We reckon the Rs 6/6/13 per litre export tax levied on petrol/ATF/diesel shall shave off $6.3/bbl GRM, or EPS upside of Rs 2.5/month for RIL below the bottom case—“exports of both refineries are taxed, but no export-parity pricing on domestic sales”. Even so, we retain present estimates as we bake in a conservative FY23E GRM of $12/bbl. As OMCs are net-buyers of petrol and diesel, they could achieve 11–51% if home sourcing is pegged to export-parity value.
All in all, we’re reducing ONGC’s internet oil FY23E value to $65/bbl following the $40/bbl tax, and downgrade it to ‘Hold’. ONGC’s estimated ~50% fuel value hike from Oct-22 is now in danger, and shall be optimistic for CGDs: IGL, MGL, GGL. Retain ‘BUY’ on RIL, OMCs and CGDs.
RIL: $6.3/bbl GRM influence
The GoI’s extra tax quantities to $6.3/bbl (diesel $26.2, Petrol/ATF $12.1) for RIL below base case. While it appears RIL’s export (SEZ) refinery shall additionally fall below tax purview, we really feel this may occasionally get modified and, therefore, current three eventualities: i) Worst-case: Impact of 38% (Rs 305 bn, $12.5/bbl) on FY23E consolidated earnings or Rs 5/month on EPS. ii) Base-case: 19% influence (Rs 152 bn, $6.3/bbl) or Rs 2.5/m on EPS. iii) Best-case: 6% (Rs 46 bn, $1.9/bbl) or Rs 0.8/m on EPS.

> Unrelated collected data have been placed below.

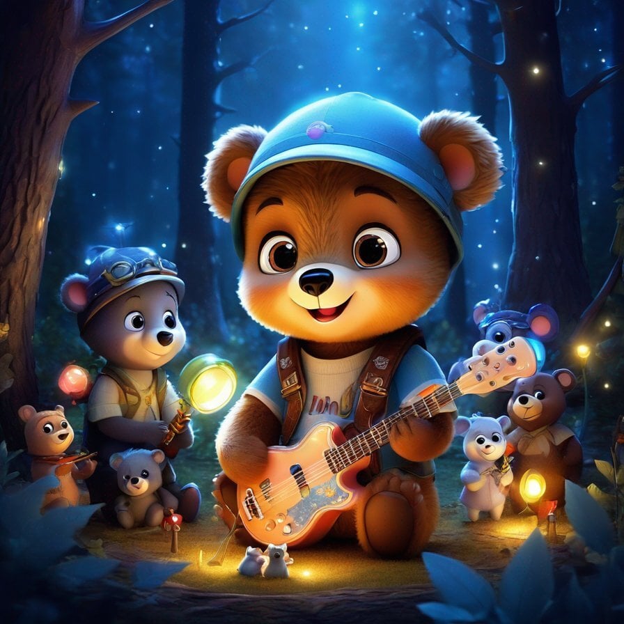 Barney's Bear Band: Barney the bear loves music, but he plays a tiny recorder that sounds like a squeaky toy. One day, he finds a magical abandoned instrument case in the forest. When he opens it, the instruments come to life, playing beautiful music on their own! Barney forms a band with the instruments and fills the forest with joyful melodies.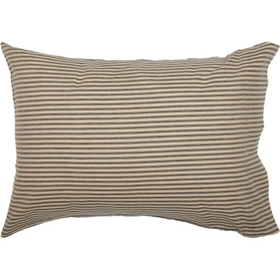 Revamp your farmhouse style bed with the Sawyer Mill Charcoal Ticking Stripe Standard Pillow Case Set of two 21×40. This farmhouse Standard Pillow Case Set showcases repeating, black ticking stripes woven into dark creme cotton base fabric; finished with a 4 inch hem fold on the opening end; reverses to same as front.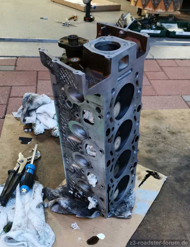 Das Krümmergewinde hab ich mit einem Helicoil repariert. Dann dem Zetti mal ordentlich den Kopf gewaschen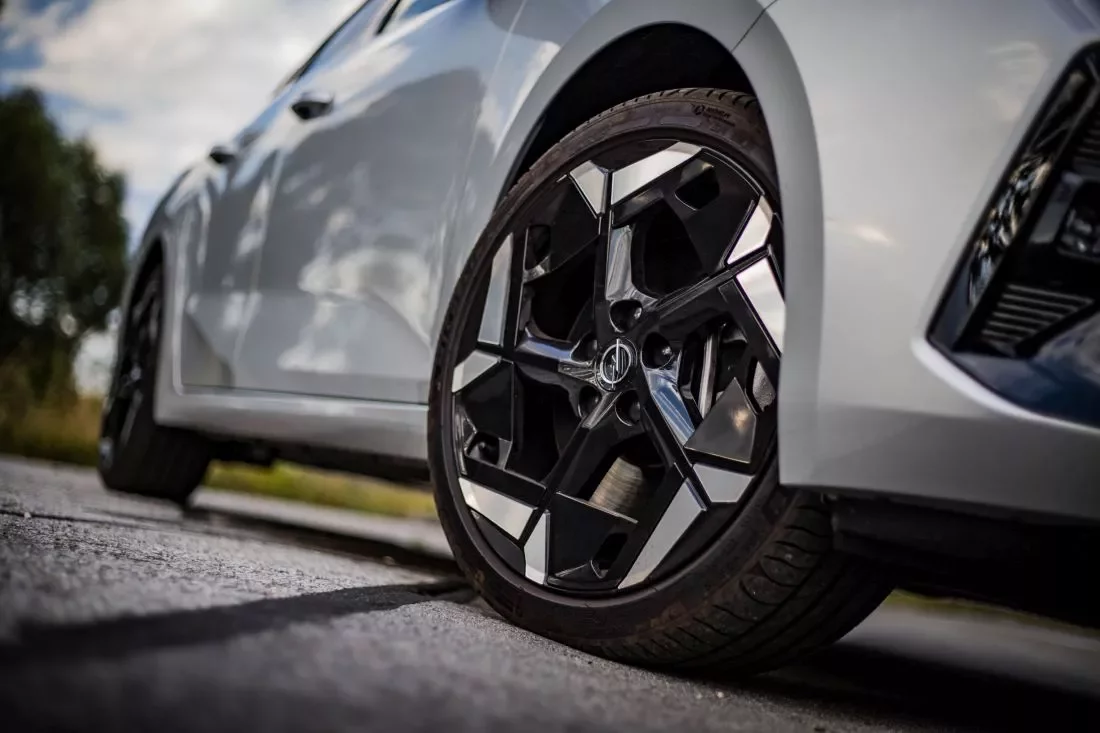 Astra GSe jistě boduje vzhledem. Ostře řezané panely karoserie, černá maska chladiče a další detaily, parádní 18palcová kola, spojler na víku kufru s třetím brzdovým světlem à la závoďák, to všechno hraje na emoce.

ONGC: $40/bbl hit on internet realisation
GoI has imposed an extra excise responsibility of Rs 23,250/ton ($40/bbl) on home crude oil manufacturing amid surging costs. This interprets into post-tax influence of 54% (Rs 380 bn, $30/bbl) on FY23 consolidated earnings or Rs 2.5/month. However, we imagine the GoI’s intent could be to cap ONGC’s realisations at $60–70/bbl, and therefore it ought to scale back cess as soon as oil costs fall. We are thus reducing FY23E common realisation to $65/bbl (from $90/bbl). This erodes ONGC’s consolidated earnings by 25% (Rs 131 bn) or EPS by Rs 1.2/month.
Outlook and valuation
The odds of the windfall achieve tax going away shall rise as soon as crude costs normalise in the long term. Based on the present system, we reckon ONGC’s fuel realisation would rise from $6.1/mmbtu to $9/mmbtu in H2FY23. But now, the danger of GoI capping ONGC’s fuel value realisation can also be excessive; nevertheless, that could be a optimistic for CNG corporations resembling IGL, MGL and Gujarat Gas (GGL). We are reducing ONGC’s FY23E EBITDAX by 18% and TP by 17% to Rs 148; downgrade to “HOLD”.
Our present forecasts on RIL already conservatively think about $12/bbl GRM for FY23E, which needs to be achievable regardless of the windfall tax. Hence we’re preserving earnings and TP (Rs 3,205) unchanged.